It took me a lot of tries to get it just right. The pillows I made fit my watches perfectly with a circumference of just over 19cm.















all my prototypes before getting size right

Here are the finished articles. I worked out the total cost of materials to make each pillow is £4. Not bad really except I have enough materials left over to make enough pillows to hold a collection of about 85 watches.
















































































Thanks for asking. Good luck if you try.


----------



## jameshill247 (Jan 12, 2014)

ttparrot said:


> As promised here is how I made them.
> 
> In the pic there is:
> upholstery foam 1.5" thick
> ...


Thanks for the I depth how to

They look very effective, I would like to give this a go at some point I think

You should sell some on eBay then they pay for themselves


----------



## ttparrot (Feb 24, 2014)

Thanks, I might try that.


----------



## spuds288 (Jun 11, 2012)

I have a few cigar boxes laying around, and with ttparrot's great instructions, I'm definitely going to have to try this!


----------



## ttparrot (Feb 24, 2014)

Good man. Home made is better than paying a fortune for rubbish.


----------



## jameshill247 (Jan 12, 2014)

Make sure you post some
Pictures on here!

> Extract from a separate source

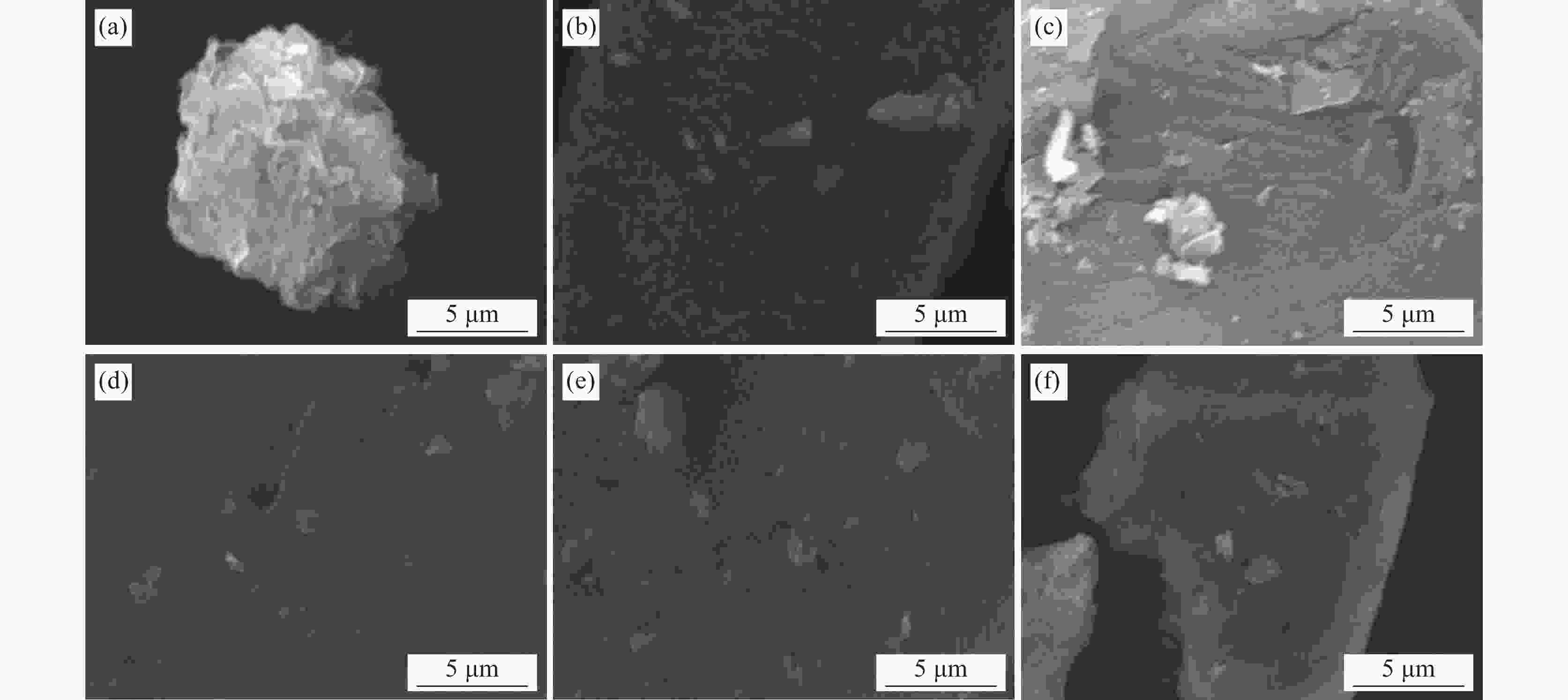 (a) 煅烧后膨润土;(b) 0.333 g/L;(c) 1 g/L;(d) 1.667 g/L;(e) 2.5 g/L;(f) 3.333 g/L

I still haven't quite finished mine yet but looking out for boxes already!


----------



## fatalelement (Jun 14, 2013)

I have a pretty decent watch box, but as someone who also smokes cigars, I feel like I have no reason not to try this with a few old boxes I have. For the record - party stores are one thing, but most cigar stores have a huge ton of boxes that they would love to give you for a few bucks each. Party stores generally carry brands with boring boxes - some of the nicer ones make beautiful boxes and the lounge I frequent will dump them indiscriminately in your lap for like $3 across the board.

I kept some around for display, but clearly I should make some use of them. If I get around to it anytime soon, I'll post pics!


----------



## Rhotax (Sep 23, 2008)

Few things I don't understand 


ttparrot said:


> [..]
> I used the hot wire cutter to cut the foam to 2.5" square.
> then cut the rounded ends on the card and used the spray adhesive to stick
> to the ends of foam.


1) Are the card's width less than 2,5"?
2) "stick to the ends of foam", you mean to the sides :> ?



> Now get the suede (or whatever) and cut slightly wider than the foam. Glue and wrap round the pillow and turn in the edges over the card ends.


They always put inside foam some stiff "bridge" between 2 cards on the sides to keep proper width between them.
How you stay with the proper width when you wrap around this final layer (suede)?


----------